**Your objective:** In the records below, the line with "소비확대를 위해 마련됐다." opens the range and the line with "近日,苏州大学社会学院周书灿" closes it; print that range exactly and nothing else.

**Source records:**
———

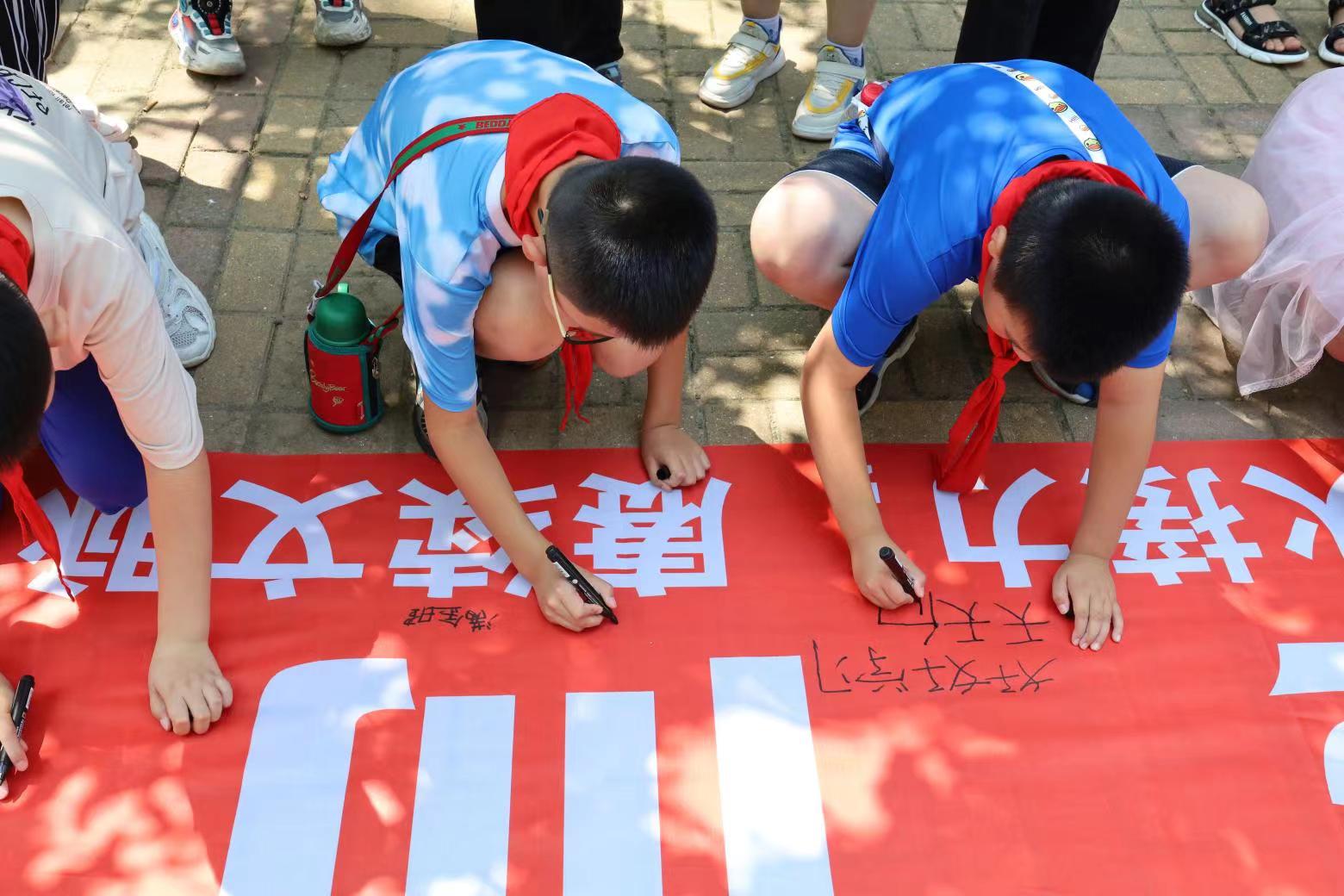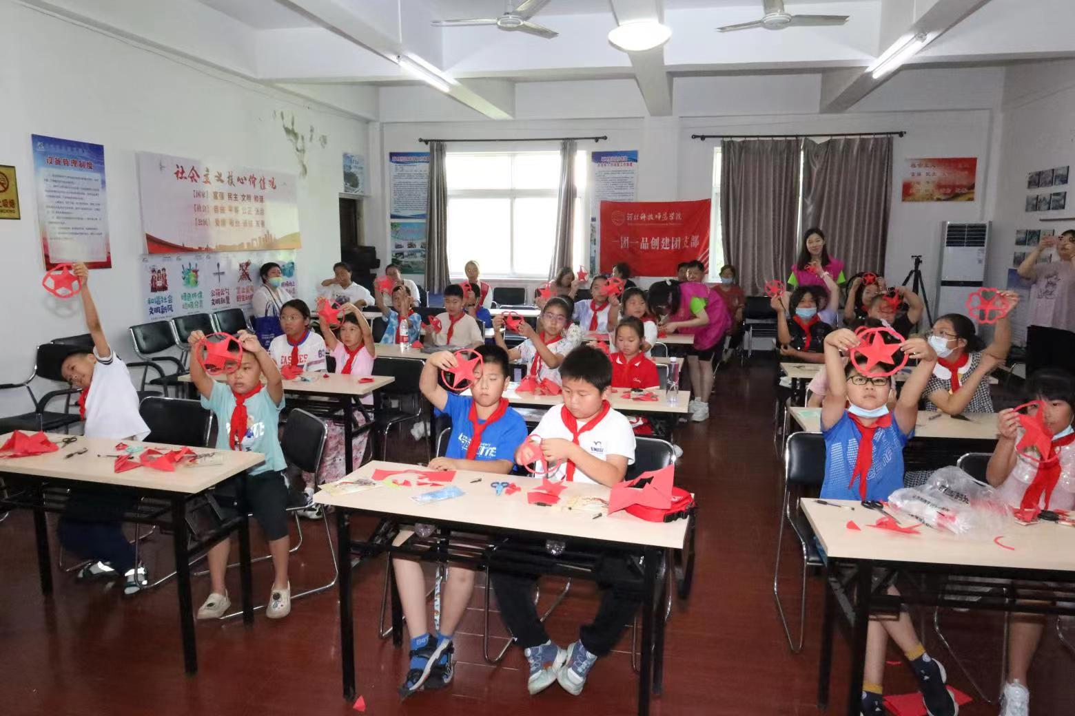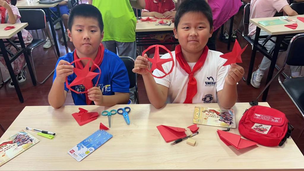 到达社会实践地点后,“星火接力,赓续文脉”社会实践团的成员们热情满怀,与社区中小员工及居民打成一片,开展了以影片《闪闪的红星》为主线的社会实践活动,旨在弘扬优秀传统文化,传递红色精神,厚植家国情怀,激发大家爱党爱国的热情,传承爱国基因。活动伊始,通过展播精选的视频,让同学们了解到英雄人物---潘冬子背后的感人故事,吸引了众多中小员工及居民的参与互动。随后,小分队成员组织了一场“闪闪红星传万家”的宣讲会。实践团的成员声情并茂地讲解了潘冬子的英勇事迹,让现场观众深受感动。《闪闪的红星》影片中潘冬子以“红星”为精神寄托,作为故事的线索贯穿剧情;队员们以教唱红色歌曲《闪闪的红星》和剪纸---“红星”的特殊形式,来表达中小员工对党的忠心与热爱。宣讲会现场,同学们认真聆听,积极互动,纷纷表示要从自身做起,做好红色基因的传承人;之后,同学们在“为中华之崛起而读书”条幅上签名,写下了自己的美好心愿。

———

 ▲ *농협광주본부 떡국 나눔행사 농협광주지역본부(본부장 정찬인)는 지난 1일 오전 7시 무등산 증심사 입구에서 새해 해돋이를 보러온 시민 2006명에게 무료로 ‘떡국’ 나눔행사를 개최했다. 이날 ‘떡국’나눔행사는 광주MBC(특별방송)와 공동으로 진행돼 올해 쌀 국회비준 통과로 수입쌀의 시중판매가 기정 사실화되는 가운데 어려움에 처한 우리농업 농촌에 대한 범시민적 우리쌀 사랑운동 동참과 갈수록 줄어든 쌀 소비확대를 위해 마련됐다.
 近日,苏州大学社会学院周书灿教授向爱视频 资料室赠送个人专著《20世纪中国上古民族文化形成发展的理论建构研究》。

———

**Answer to this problem:**
 ▲ *농협광주본부 떡국 나눔행사 농협광주지역본부(본부장 정찬인)는 지난 1일 오전 7시 무등산 증심사 입구에서 새해 해돋이를 보러온 시민 2006명에게 무료로 ‘떡국’ 나눔행사를 개최했다. 이날 ‘떡국’나눔행사는 광주MBC(특별방송)와 공동으로 진행돼 올해 쌀 국회비준 통과로 수입쌀의 시중판매가 기정 사실화되는 가운데 어려움에 처한 우리농업 농촌에 대한 범시민적 우리쌀 사랑운동 동참과 갈수록 줄어든 쌀 소비확대를 위해 마련됐다.
 近日,苏州大学社会学院周书灿教授向爱视频 资料室赠送个人专著《20世纪中国上古民族文化形成发展的理论建构研究》。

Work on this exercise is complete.